Life Expectancies: The Body between Exposure and Development
Films by Sandra LAHIRE and Discussion between Elsa RICHARDSON and Kerstin SCHROEDINGER
In the context of the exhibition Looking at the Present through Rear-View Mirrors, artist and Büchsenhausen-Fellow Kerstin Schroedinger will be showing two films – Arrows (UK, 1984) and Plutonium Blonde (UK, 1986) – by British filmmaker Sandra Lahire (1950-2001). This will be followed by a conversation between Elsa Richardson and Kerstin Schroedinger about the production of emotions and the relation between capitalism and feelings, as considered through moments in history that have challenged the relations between the economy, the body, the image and the mind. Kerstin Schroedinger will expand on this with regard to her performance piece The Alleged Body, which is part of the current exhibition at the Kunstpavillon. The Alleged Body looks at the shift from Fordist to immaterial labour during the 1980s. They will talk about the relation between women’s bodies and (mental) health, within the framework of the capitalist production of emotionality relating to British filmmaker Sandra Lahire’s work.

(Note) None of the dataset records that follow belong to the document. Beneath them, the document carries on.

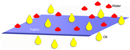 Onar and Mete [115] studied a two-step method to prepare water repellent finishes on cotton fabric with ZnO, Al2O3, TiO2 and ZrO2 nanoparticles. The cotton fabric surface was first roughened with ZnO, Al2O3, TiO2 and ZrO2 nanoparticles, and then modified hydrophobically with HDMS. The results show that the cotton fabric treated with Al2O3 nanoparticles and HDMS has superhydrophobic properties, and after washing, the fabric can maintain its hydrophobicity. Colleoni et al. [116] treated cotton and polyester fabrics with tetraethoxysilane (OTES) and melamine-based crosslinkers (N,N,N′,N′,N″,N″-hexakis(methoxymethyl)-1,3,5-triazine-2,4,6-triamine (MF)). Cotton fabrics and polyester fabrics were found to have good hydrophobicity with contact angles of 130° and 150°, respectively. Teli et al. [43] synthesized SiO2 nanoparticles by a simple sol-gel technique and they were applied to nylon knitwear by double-dip and double nip coating with a wet pickup of 80%. After the impregnation, the treated fabric was dried and cured. The modified nylon knit fabric had superhydrophobic properties with a WCA of 151°. The fabric also exhibited excellent UV protection with an ultraviolet protection factor (UPF) of 279.68 (i.e., UPF 50+). After 10 wash cycles, it still had hydrophobic and UV protection properties. De et al. [117] applied nanogels composed of 3-glycidoxypropyltrimethoxysilane (GPTMS) and a fluorine-containing alkyl functional water-based oligosiloxane (FAS, Dynasylan F8815) on silk fabrics by a sol-gel method using an acid catalyst. After finishing, the fabric was tested for 8500 abrasion cycles. The results confirm the oleophobicity (close to 123° for the 4th oil contact angle) and high hydrophobicity (WCA 148°). After analyzing the oil resistance and the water repellency of fabric, it was confirmed that the fabric was still hydrophobic (CA of 130°) and oleophobicity (CA of 100°) after 15 washing cycles. Vasiljevic et al. [118] prepared highly oleophobic and superhydrophobic cotton fabrics by a three-step sol-gel method. The first step was to prepare a cotton fabric treated with SiO2 nanoparticles which have an average particle diameter (50 ± 15 nm, 230 ± 20 nm and 780 ± 30 nm) by the Stöber method based on a sol-gel process; the second step is to grow the silicone layer in situ in the alkaline TEOS solution.; the third step was filling with a fluorine-containing alkyl functional water-based oligosiloxane (FAS, Dynasylan F8815). The fabric presented a low slip angle (2°), high oleophobicity (grade 6 oil, contact angle close to 150°) and superhydrophobicity over 10 washes. Zhou’s group [119] fabricated a durable superhydrophobic fabric coating via dip-coating fluoroalkyl silane-modified SiO2 nanoparticles, PDMS and a fluoroalkyl silane mixture. The coated fabric exhibited excellent durability against strong acid, strong alkali, and the coating still showed great superhydrophobicity with WCA above 160° after 500 washing cycles and severe abrasion cycles, respectively. Cao et al. [120] prepared the fluorine-free superhydrophobic fabric by simple dip-coating method. The PDMS coated fabric showed a WCA of 160° and in addition it provided the self-cleaning properties and oil/water separation abilities.
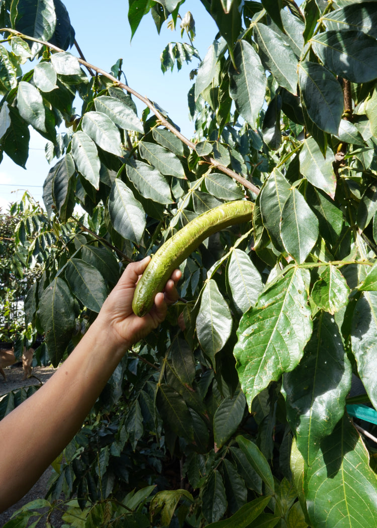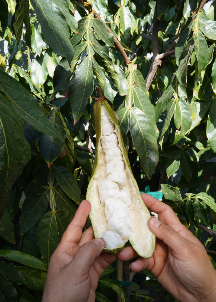 Ice Cream Beans are the cotton candy of nature! The fruits are long thin pods and inside those pods is white cotton candy wrapped around black seeds. What you eat is the white fluff and it tastes like vanilla with sugar, a little like vanilla ice cream. A very different and unique experience that everyone who has tasted it can agree with.
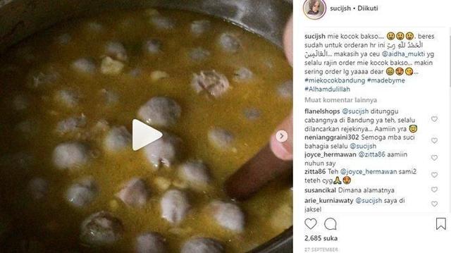 Seperti terlihat dari unggahannya, nampaknya bisnis bakso Suci lantaran hobinya yang memang gemar memakan bakso.
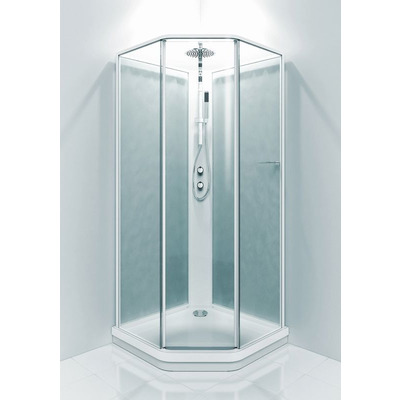 Форма поддона – многогранная, предназначенная для угловой установки. Конструкция используется при необходимости правильной организации пространства, использования площади небольшого санузла или в ванным с нестандартной, сложной конфигурацией. Визуально такой поддон кажется большим, но на самом деле он занимает не так много места. Особая многогранная форма отличается хорошей эргономикой, принимать душ будет удобно даже людям с крупной комплекцией. Минимальная длина поддона может составлять 80 см, максимальная – 120 см и даже больше, выбор зависит от площади ванной комнаты.
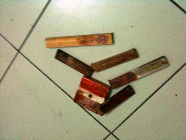 ¡ Había manchado las láminas al azar y había dejado algunos sin manchas para que quería el color más claro también! También... siempre la mancha con el grano y no contra el grano.
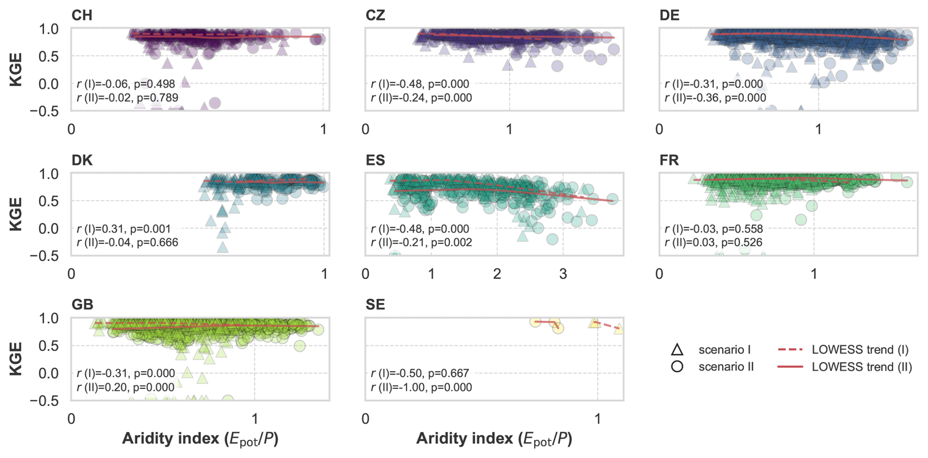 We calculated the Spearman rank correlation between model performance and several catchment attributes available in EStreams (see Table S1 and Fig. S5 in the Supplement). The number of E-OBS precipitation stations and the aridity index emerged as particularly interesting variables given their apparent relationships with model performance.
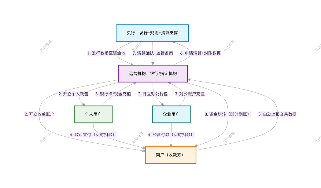 关键动作:运营机构收到央行清算确认后,即时将数币从对应资金池划转至商户收单账户。

The event will be held with kind support from CINENOVA – Feminist Film and Video Distribution.
Kerstin Schroedinger is an artist working in video, sound and performance. Her historiographic practice questions the means of image production, historical continuities and ideological certainties of representation. Her works and curatorial practice are often collaborative. Recent works include The Alleged Body (performance), shown at Images Festival Toronto, and Les Complices* Zurich in 2017, Fugue (Film, 2015), as well as Rainbow’s Gravity (Video, 2014, GFTA-funded 2013) and Red, she said (Video, 2011) both with Mareike Bernien. Her work has been shown at the Whitney Museum of American Art, Anthology Film Archives New York, Forum Expanded of Berlinale, Short ٍFilm Festival Oberhausen, International Film Festival Toronto, Gasworks London, Arnolfini Bristol, Whitechapel Gallery London, and exhibited at MIT List Visual Arts Center Boston (2016), Photo Cairo #6 (2017), FMAC Mediathèque Geneva (2016), The School of Kyiv – 2nd Kiev Biennale 2015, Helmhaus Zurich (2015), Kunstpavillion Innsbruck (2017), amongst others.
Sandra Lahire (1950-2001) was a British filmmaker who worked around body-image and the social, material, and economic impacts of (capitalism) on the (female) body and self. The screening shows two of her works, each from a larger work cycle. Arrows (1984) is based on a poem by Sylvia Plath and reflects the continuous negotiation between one’s body, the larger political context and the way that society/the camera frames such a body. Plutonium Blonde (1986) explores the toxic effects of Uranium mining.
Elsa Richardson is a lecturer in the history of medicine at the University of Strathclyde Glasgow, affiliated with the Centre for the History of Health and Healthcare. Amongst other things her research considers the relation of heterodox practices, beliefs and movements to mainstream society and culture, focusing in particular on the interaction between medicine and the imagination, psychology and the occult, emotions and science. Her forthcoming monograph examines the place of extraordinary visionary experience in the Victorian scientific and popular imaginary, and her new research project looks at the history of vegetarianism and narratives of wellbeing in the early twentieth century.